> _Activity_: The data should be written out in full, exactly as it stands, and the pictures dropped.

> _Collected data_:
=======
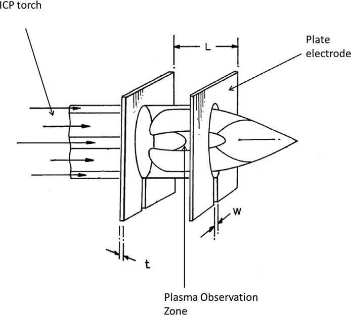 coils of traditional ICP instruments. This allows for a robust, flat-bottom ICP to be generated and sustained using approximately half the Ar gas consumption of traditional helical-coil induction systems. In addition, the RF power and frequency supplied to each electrode plate can be independently controlled and varied for optimal plasma excitation and emission [16].
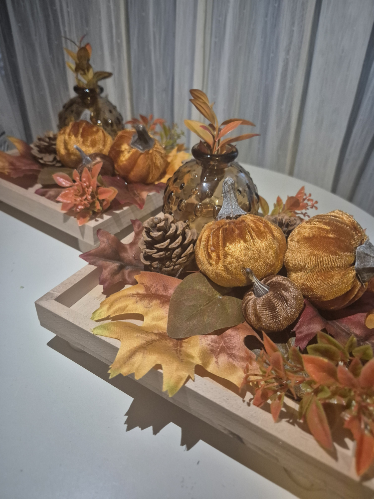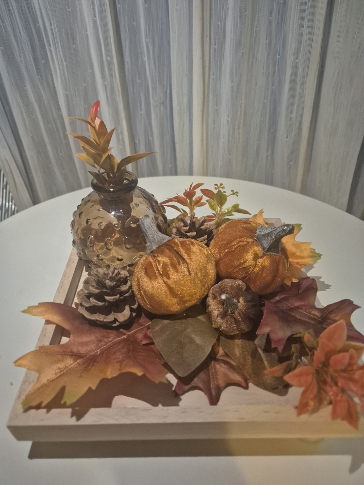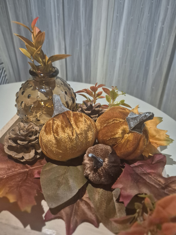 Ez a kézzel készült, prémium minőségű asztaldísz nem csupán dekoráció – egy darabka őszi varázslat. A puha bársonytök, az aranyló falevelek és a természetes falap együttese melegséget, harmóniát és eleganciát csempész minden enteriőrbe.
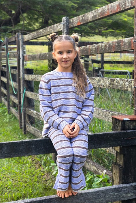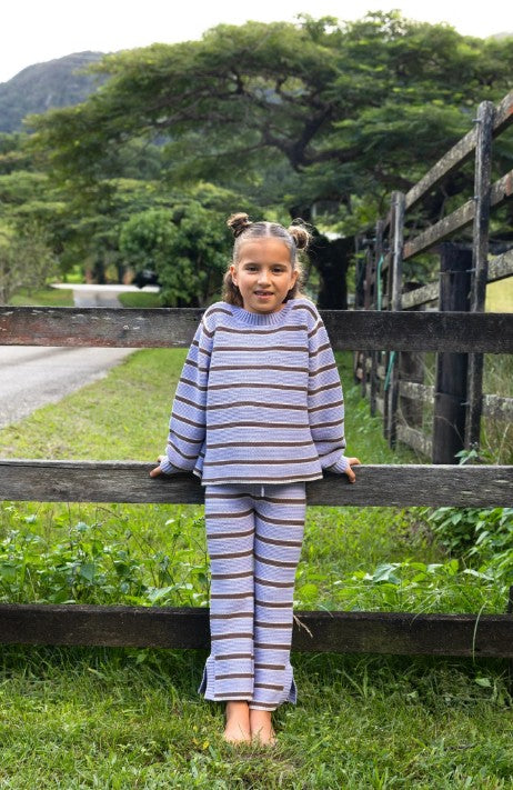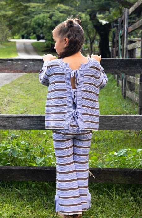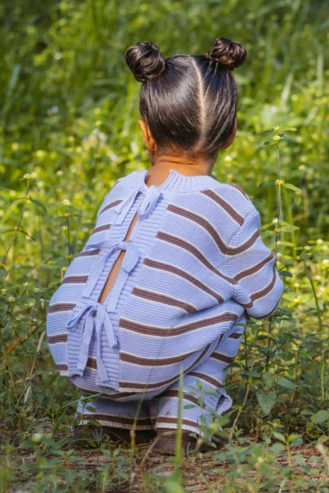 The Sierra Knit Cardi brings a fresh take on winter style with its striped pattern and sweet tie-up back detailing. Made from soft cotton knit, it’s the perfect mix of play and comfort. Style it solo or pair it with the Sierra Knit Pant.
=======
> _Problem solution_:
 coils of traditional ICP instruments. This allows for a robust, flat-bottom ICP to be generated and sustained using approximately half the Ar gas consumption of traditional helical-coil induction systems. In addition, the RF power and frequency supplied to each electrode plate can be independently controlled and varied for optimal plasma excitation and emission [16].
 Ez a kézzel készült, prémium minőségű asztaldísz nem csupán dekoráció – egy darabka őszi varázslat. A puha bársonytök, az aranyló falevelek és a természetes falap együttese melegséget, harmóniát és eleganciát csempész minden enteriőrbe.
 The Sierra Knit Cardi brings a fresh take on winter style with its striped pattern and sweet tie-up back detailing. Made from soft cotton knit, it’s the perfect mix of play and comfort. Style it solo or pair it with the Sierra Knit Pant.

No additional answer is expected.